* [DATA SUPPLIED]:

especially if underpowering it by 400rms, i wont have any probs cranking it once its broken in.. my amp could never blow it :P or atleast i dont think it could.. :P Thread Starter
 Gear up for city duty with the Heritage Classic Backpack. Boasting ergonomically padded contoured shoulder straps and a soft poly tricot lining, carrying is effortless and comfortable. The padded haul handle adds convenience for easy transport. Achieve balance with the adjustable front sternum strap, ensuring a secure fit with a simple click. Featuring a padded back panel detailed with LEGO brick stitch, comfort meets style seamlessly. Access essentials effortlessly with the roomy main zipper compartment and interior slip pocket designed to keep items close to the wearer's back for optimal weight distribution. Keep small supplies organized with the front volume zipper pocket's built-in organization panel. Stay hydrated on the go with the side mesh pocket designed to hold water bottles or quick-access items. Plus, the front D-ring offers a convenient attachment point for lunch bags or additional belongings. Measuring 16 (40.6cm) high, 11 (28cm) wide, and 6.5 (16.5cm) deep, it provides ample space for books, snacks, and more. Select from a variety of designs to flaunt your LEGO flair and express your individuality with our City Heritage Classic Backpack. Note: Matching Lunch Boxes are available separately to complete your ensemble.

==

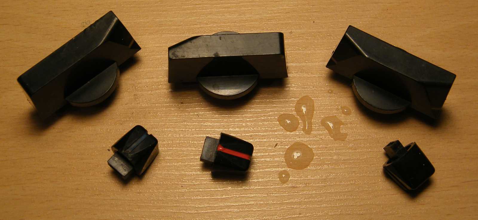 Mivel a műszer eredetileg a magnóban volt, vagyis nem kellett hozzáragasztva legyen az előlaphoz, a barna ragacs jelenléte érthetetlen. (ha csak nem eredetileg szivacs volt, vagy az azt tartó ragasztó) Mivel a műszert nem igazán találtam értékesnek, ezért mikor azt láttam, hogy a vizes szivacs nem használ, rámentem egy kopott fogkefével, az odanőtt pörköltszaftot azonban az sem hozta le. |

* [REQUIRED WORK]:
Word for word, restate the lines of the data above that fall between the line holding "especially if underpowering" and the line holding "Gear up for", inclusive, and no other lines.

* [ANSWER TO THIS PROBLEM]:
especially if underpowering it by 400rms, i wont have any probs cranking it once its broken in.. my amp could never blow it :P or atleast i dont think it could.. :P Thread Starter
 Gear up for city duty with the Heritage Classic Backpack. Boasting ergonomically padded contoured shoulder straps and a soft poly tricot lining, carrying is effortless and comfortable. The padded haul handle adds convenience for easy transport. Achieve balance with the adjustable front sternum strap, ensuring a secure fit with a simple click. Featuring a padded back panel detailed with LEGO brick stitch, comfort meets style seamlessly. Access essentials effortlessly with the roomy main zipper compartment and interior slip pocket designed to keep items close to the wearer's back for optimal weight distribution. Keep small supplies organized with the front volume zipper pocket's built-in organization panel. Stay hydrated on the go with the side mesh pocket designed to hold water bottles or quick-access items. Plus, the front D-ring offers a convenient attachment point for lunch bags or additional belongings. Measuring 16 (40.6cm) high, 11 (28cm) wide, and 6.5 (16.5cm) deep, it provides ample space for books, snacks, and more. Select from a variety of designs to flaunt your LEGO flair and express your individuality with our City Heritage Classic Backpack. Note: Matching Lunch Boxes are available separately to complete your ensemble.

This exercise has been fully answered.